The task
Starting at the line that contains "Ακόμη και την", transcribe each line exactly through the end of the data below, and skip any pictures.

(Stored items from a collection)
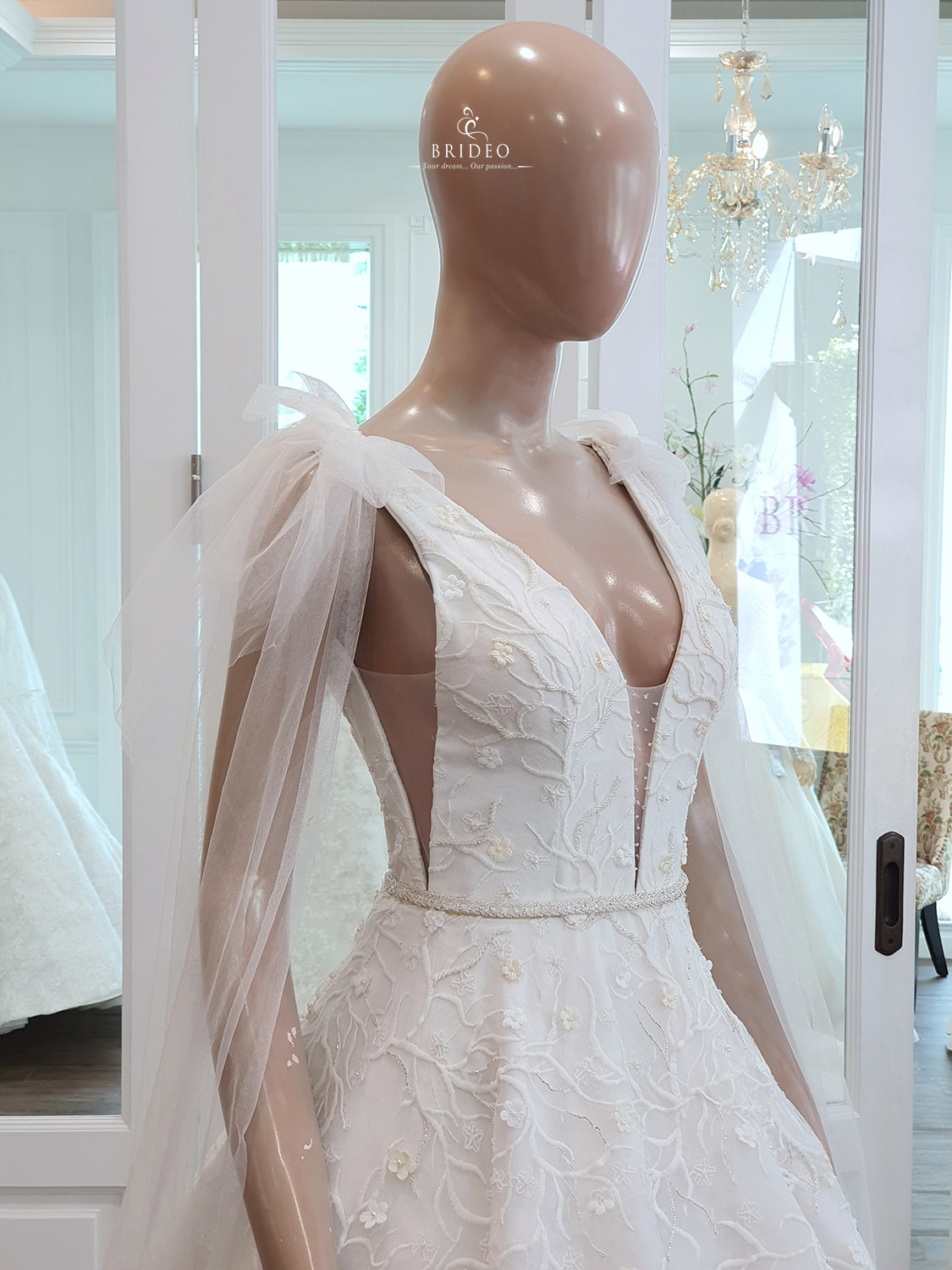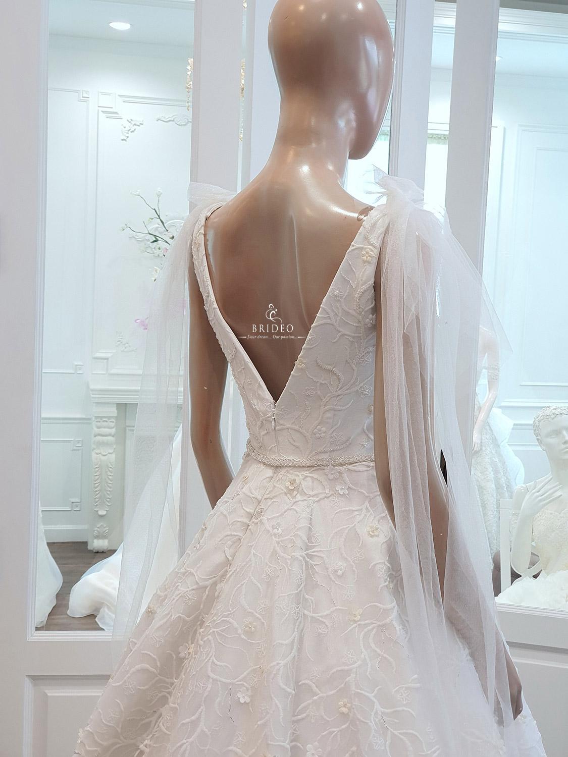 ชุดแต่งงาน ละมุน ละไม ซีทรูสวย พร้อมทรงกระโปรงสวย มีชีวิต ใส่เต้นรำได้ (ไม่ต้องมีคนจับชายกระโปรง) (ชุดเช่าพร้อมบริการปรับ size ปราณีตและเครื่องประดับ)
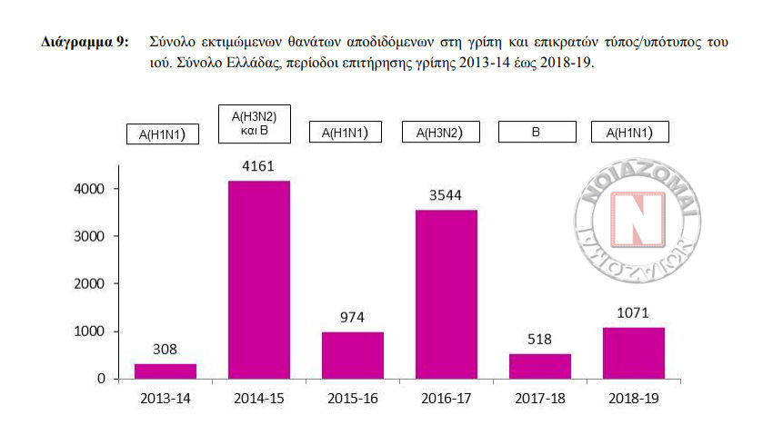 Ακόμη και την περασμένη χρονιά, το 2018-19, είχαμε 1.071 νεκρούς από Γρίπη στην Ελλάδα! Χωρίς να ακουστεί ούτε “κιχ”! Χωρίς να κλείσει ούτε …περίπτερο! Ούτε σχολικό τμήμα! Ούτε παρεκκλήσι! Ούτε ενοικιαζόμενο δωμάτιο! Χωρίς να καταστραφεί οικονομικά η Ελλάδα!
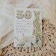 Gold Gown White Flowers Elegant 50th Birthday Invitation
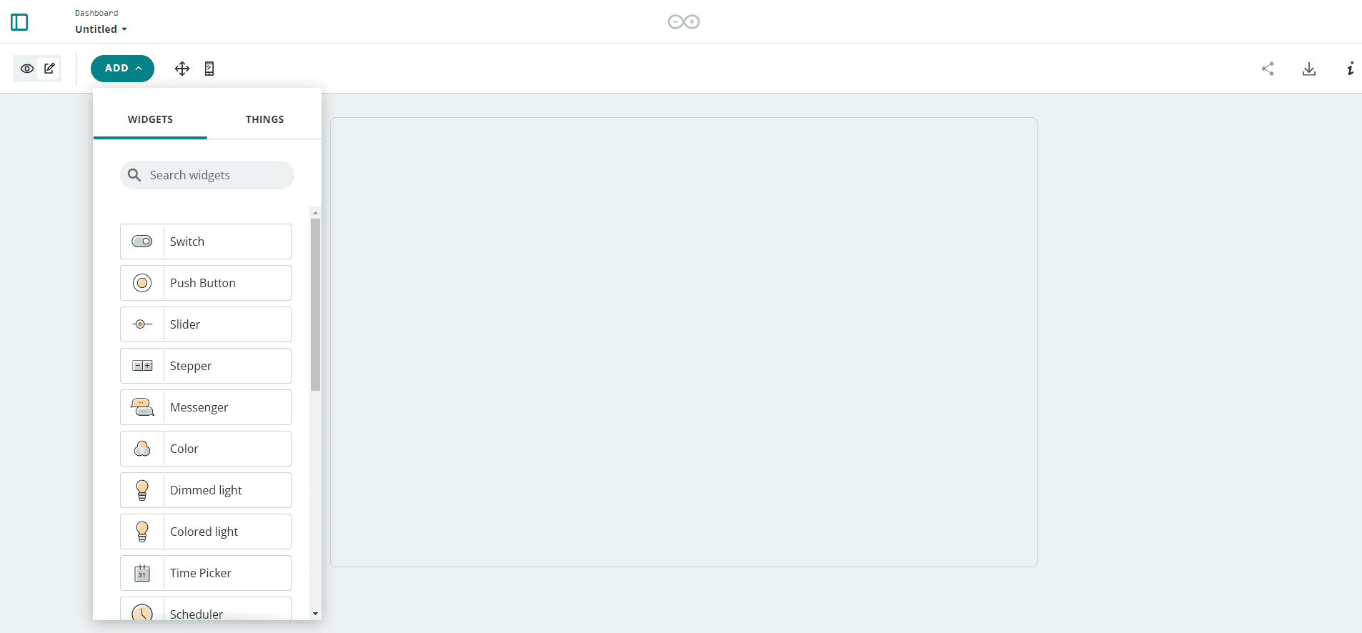 Dashboards are used to visualize real-time data and to enable direct interaction with the board through the Cloud. Go to
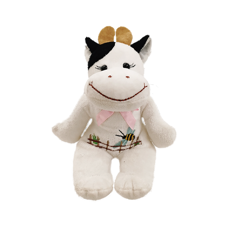 Seekor anak sapi yang duduk seukuran telapak tangan yang termasuk dalam seri 'Farm Range' yang lebih luas. DNA visualnya berwarna pastel lembut + ramah buku cerita: tambalan Holstein, sulaman ambing merah muda, dan ikon lebah kecil yang dijahit di telinga. Segera menandakan 'dekorasi kamar bayi' dan 'perangkat pertanian koleksi' dan bukan satu item impulsif.

Solution
 Ακόμη και την περασμένη χρονιά, το 2018-19, είχαμε 1.071 νεκρούς από Γρίπη στην Ελλάδα! Χωρίς να ακουστεί ούτε “κιχ”! Χωρίς να κλείσει ούτε …περίπτερο! Ούτε σχολικό τμήμα! Ούτε παρεκκλήσι! Ούτε ενοικιαζόμενο δωμάτιο! Χωρίς να καταστραφεί οικονομικά η Ελλάδα!
 Gold Gown White Flowers Elegant 50th Birthday Invitation
 Dashboards are used to visualize real-time data and to enable direct interaction with the board through the Cloud. Go to
 Seekor anak sapi yang duduk seukuran telapak tangan yang termasuk dalam seri 'Farm Range' yang lebih luas. DNA visualnya berwarna pastel lembut + ramah buku cerita: tambalan Holstein, sulaman ambing merah muda, dan ikon lebah kecil yang dijahit di telinga. Segera menandakan 'dekorasi kamar bayi' dan 'perangkat pertanian koleksi' dan bukan satu item impulsif.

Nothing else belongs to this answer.